Across the aisle, a middle-aged guy was reading Booker Prize-winning author Alan Hollinghurst's early novel, The Spell.

And, next to him, an artsy dude was reading Laura Joh Rowland's The Perfumed Sleeve, one of a series of mysteries set in 17th century Japan. (I had not heard of this book before, but looked it up, hoping it would be on par with the other excellent books. Turns out, it might be.)

Anyway, I take this small but impressive sampling as a challenge to my fellow Brown Line travelers. Let's get off the best seller list standards, people, and start breaking out some serious literature for the commute.

Other L line stereotypes, casually tossed out:

Orange Line - newspapers only. (Special thanks to those of you who buy your copy, rather than pick it up off the seat next to you.)

Blue Line - All iPods; no printed matter.

Green Line - Knitting and bead-stringing. What's up with that?

March 01, 2006

A million little half-truths

From the New York Observer, via Romenesko, comes this story about CNN crusader-for-justice Nancy Grace.

It turns out that her compelling life story, the one in which she was Failed By The System, isn't quite true.

Her college boyfriend was murdered, but not by someone with an extensive criminal record who had slipped through the cracks of the system.
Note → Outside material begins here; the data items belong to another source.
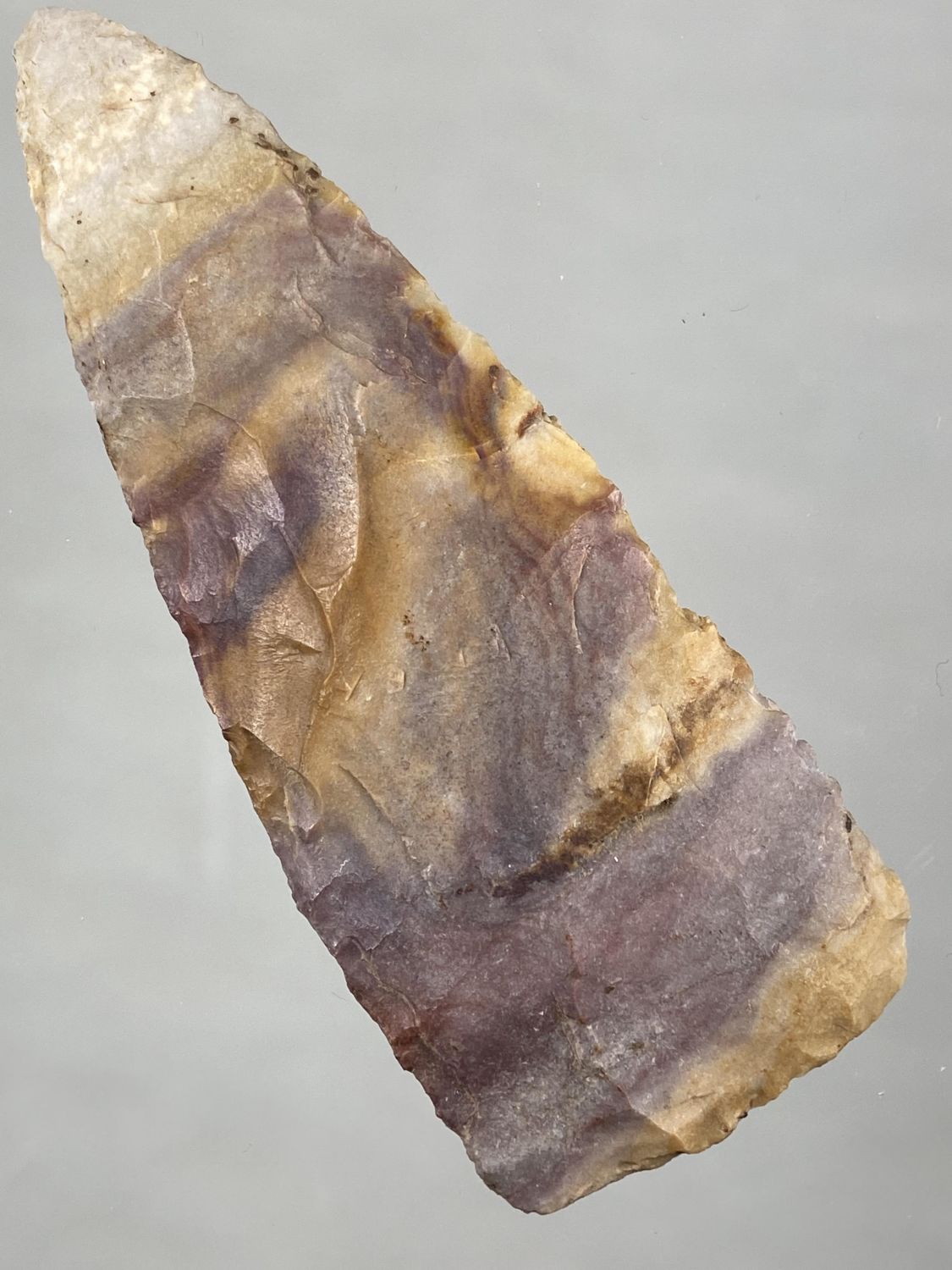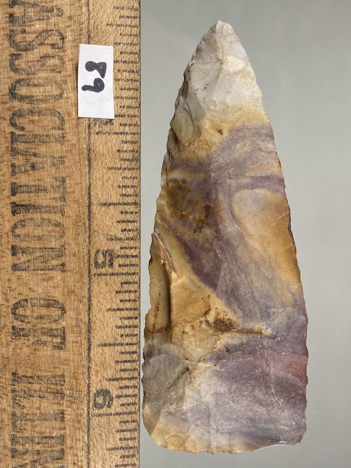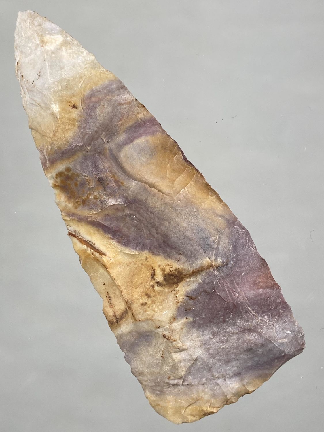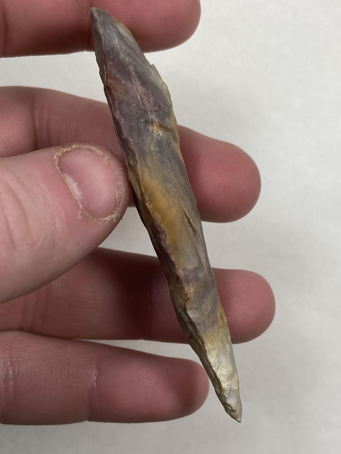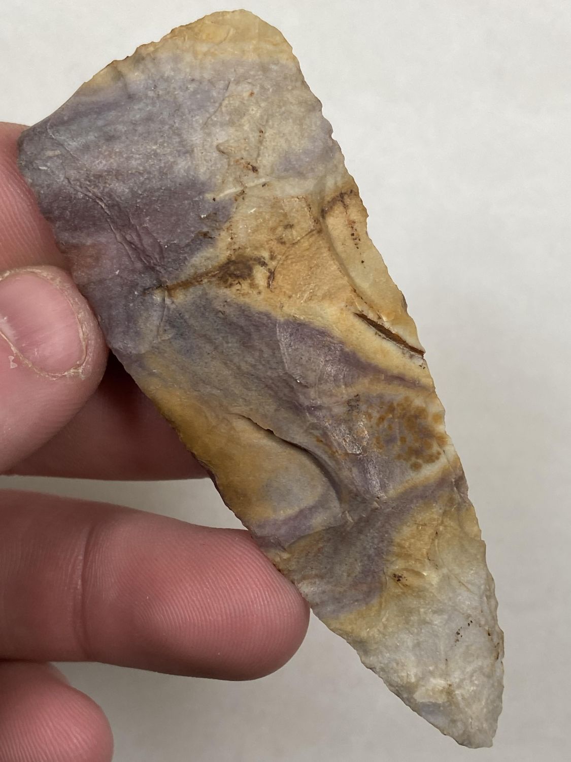 3 1/8" VERY COLORFUL HOPEWELL BLADE FOUND IN ADAMS COUNTY ILLINOIS, GREAT COLOR, INDIAN ARROWHEAD ARTIFACT
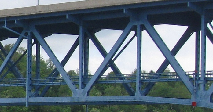 Looking north from Market St. along the Monongahela River. The bridge walk is for maintenance only, no tourists. Toward the left of the photo, the pipe stuck to the outside of the beams is for drainage.
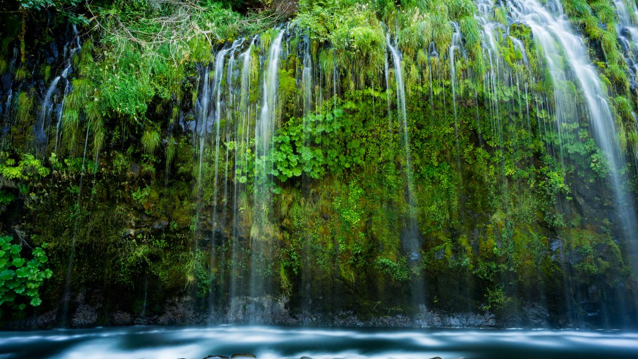 Wallpaper A beautiful waterfall flows down a green cliff
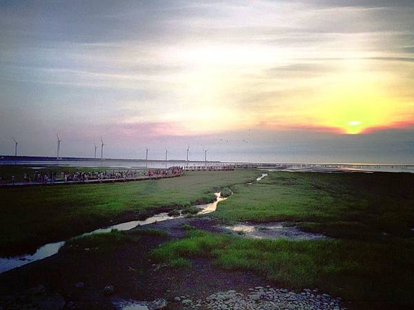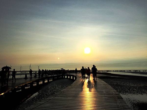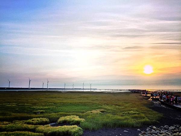 到了黃昏,繽紛炫麗的夕陽,更將高美濕地點綴得更加浪漫
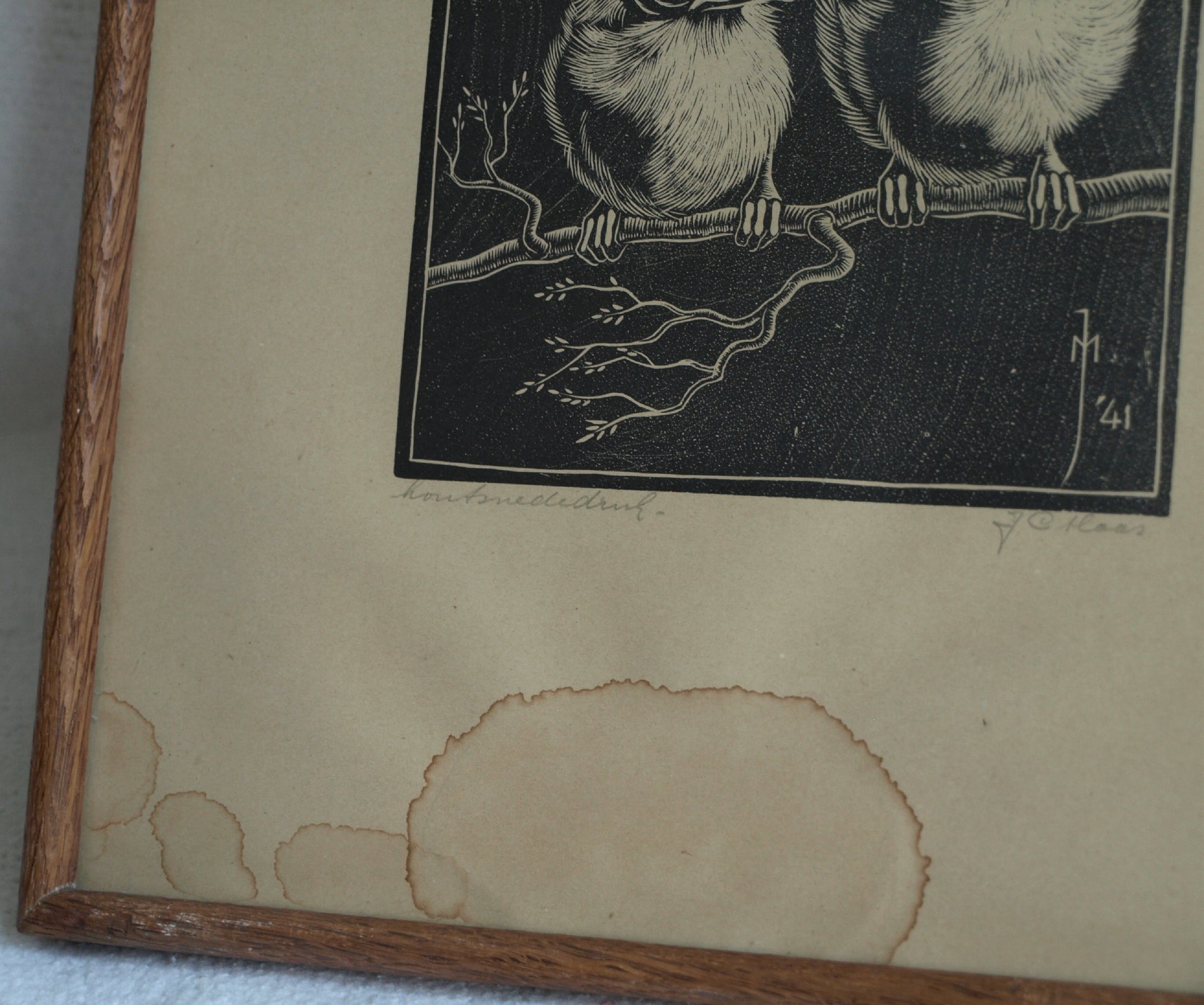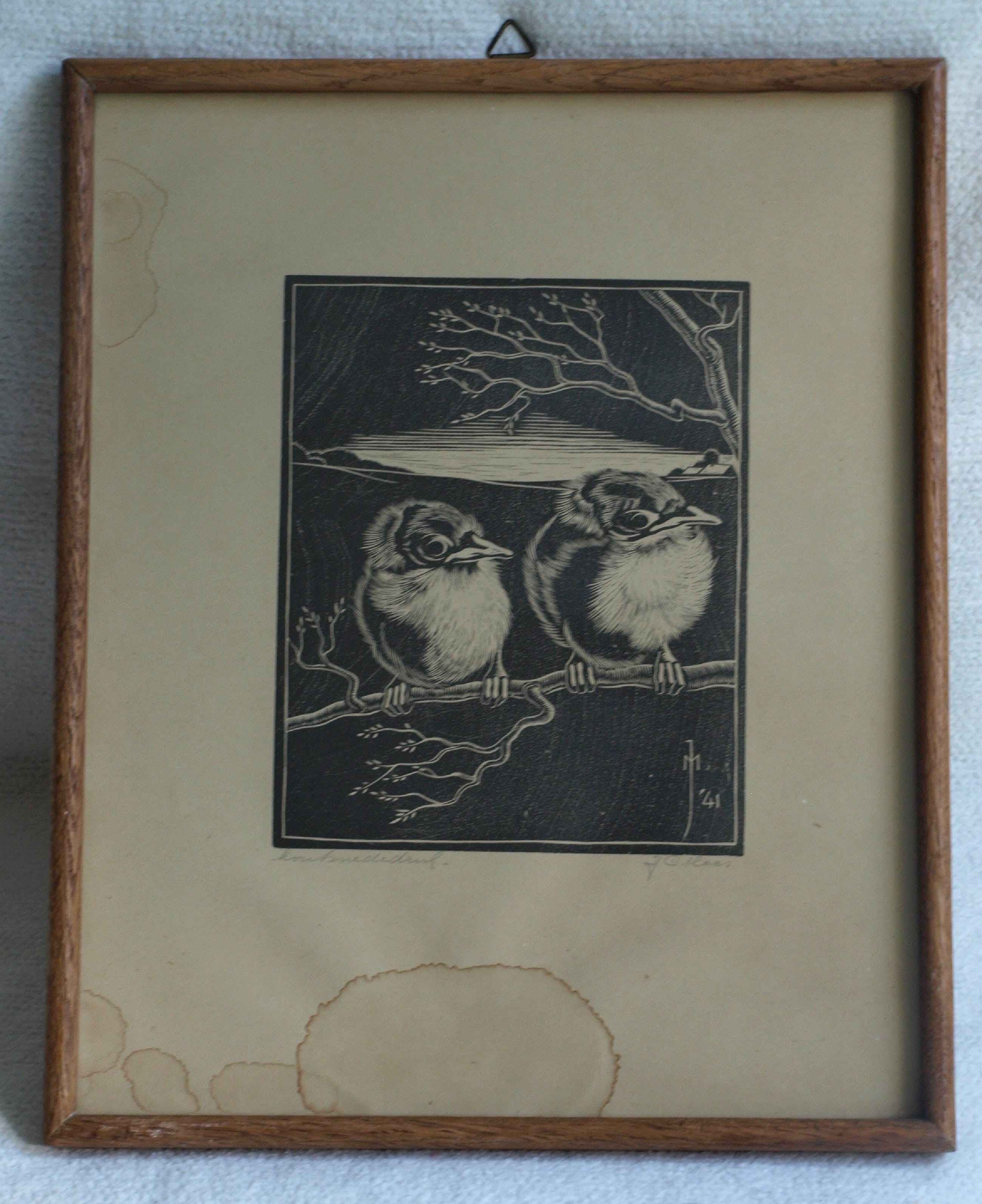 Een ingelijste houtsnede uit 1941 van de Nederlandse kunstenaar Jan Christiaan Maas (1916-1993).
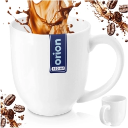 Elegante taza de porcelana MONA con capacidad de 450 ml en color blanco, ideal para el consumo diario de café, té y cacao. Ofrece un diseño clásico, asa cómoda y fácil mantenimiento en lavavajillas y uso en microondas. Se trata de una pieza outlet (2ª calidad) con pequeñas imperfecciones de fabricación que no afectan a la funcionalidad.
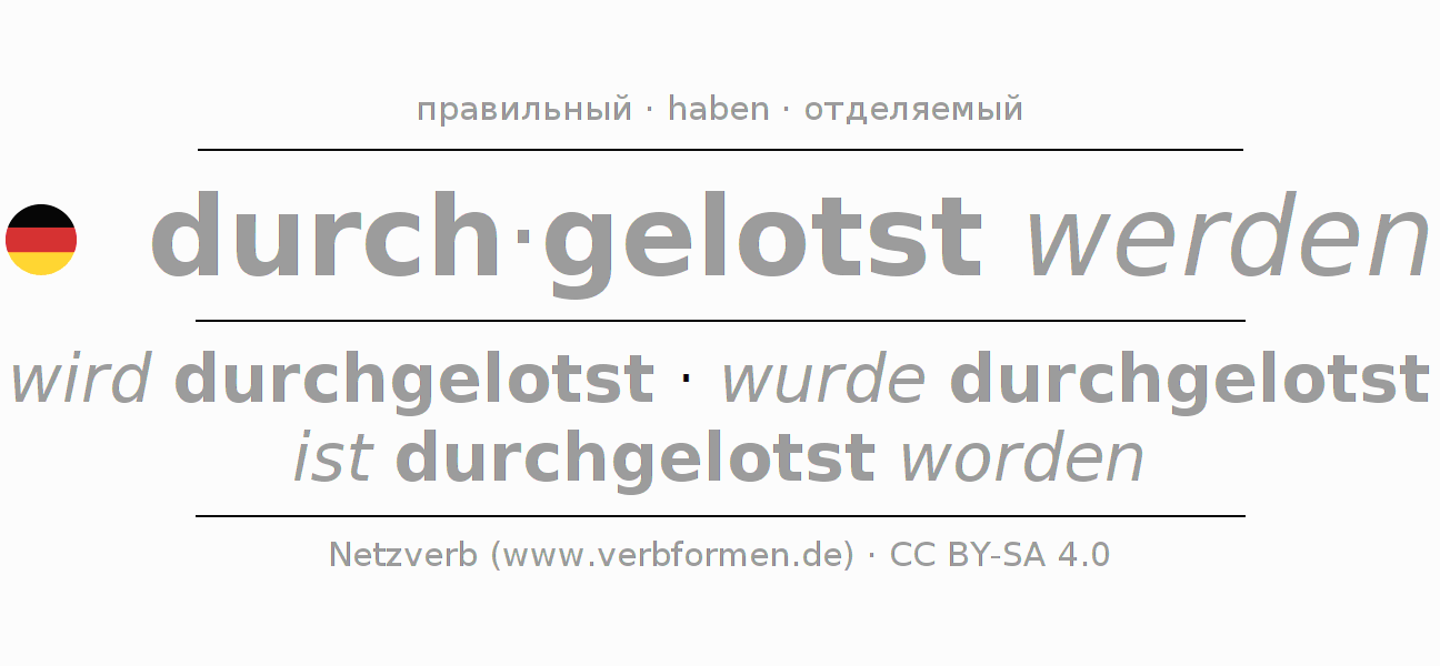 Примеры использования спряжения глаголов в durchlotsen. При этом речь идёт о реальных предложениях и о предложениях из проекта Tatoeba. Для каждой спряженной формы будет отображаться пример с таким предложением. Глагольная форма будет при этом выделена. Если имеется несколько предложений, будет случайным образом выбран пример с немецким глаголом durchlotsen. Чтобы понимать спряжение не только в примерах, но и в обучении, доступны листы с глаголом durchlotsen.
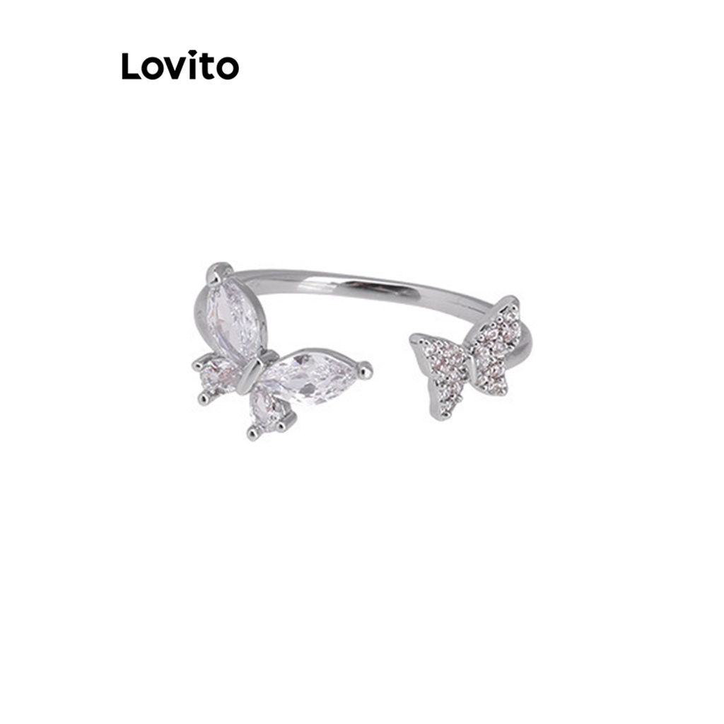 Lovito Nhẫn kim cương giả màu trơn thường ngày cho Nữ lfa01069 (Trắng/Bạc)
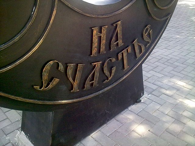 Диво – монумент «На щастя» розташований неподалік не менше цікавого і оригінального Крісла бажань. Обидва креативних пам’ятника розміщені в зоні відпочинку. Місце для встановлення пам’ятника було вибрано так, щоб кожен відпочиваючий, який приходить розслабитися в міську зону відпочинку, міг постояти і загадати бажання біля підкови.
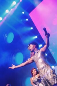 Atração da estreia da temporada do NOSSO CAMAROTE em 2026 nesta sexta-feira, 14, Pedro Sampaio escolheu subir ao palco do camarote fantasiado como “Freddie Mercury prateado”, personagem humorístico interpretado por Eduardo Sterblitch no já extinto Pânico na TV!, da RedeTV!.
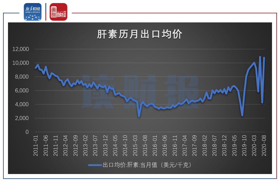 查阅历年财报发现,公司标准肝素原料销售量从2017年的35873.90亿单位上升至2019年的41612.97亿单位。根据同花顺iFinD数据,我国肝素出口均价在2015年见底后整体处于持续上升趋势。
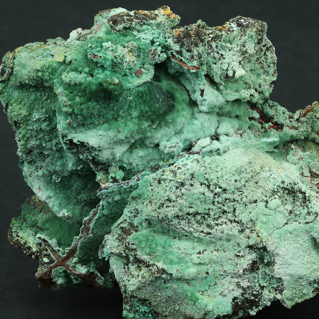 Rich specimen with areas full of green olivenite. From a recent find in the Hilarion mine.

And, oh yeah, the murderer confessed, was quickly convicted, was sentenced to life in prison and has never appealed his conviction.

So, while the story is horrible and tragic, it is not, in fact, a story about how the justice system punishes crime victims. In this case, the criminal was punished.

But I guess that doesn't make good TV.

At the intersection of Bangher and Leever Streets . . .

Check out this contest for weird street names and intersections at TheCarConnection.com

Personally, I like the intersection of Grinn Drive with Barret Road, but that's mainly because I'm pretending to be above finding Dingleberry Road funny.

The contest is over, sadly, but feel free send submissions here. (No honorary street names, though. Those are funny in an entirely different way.)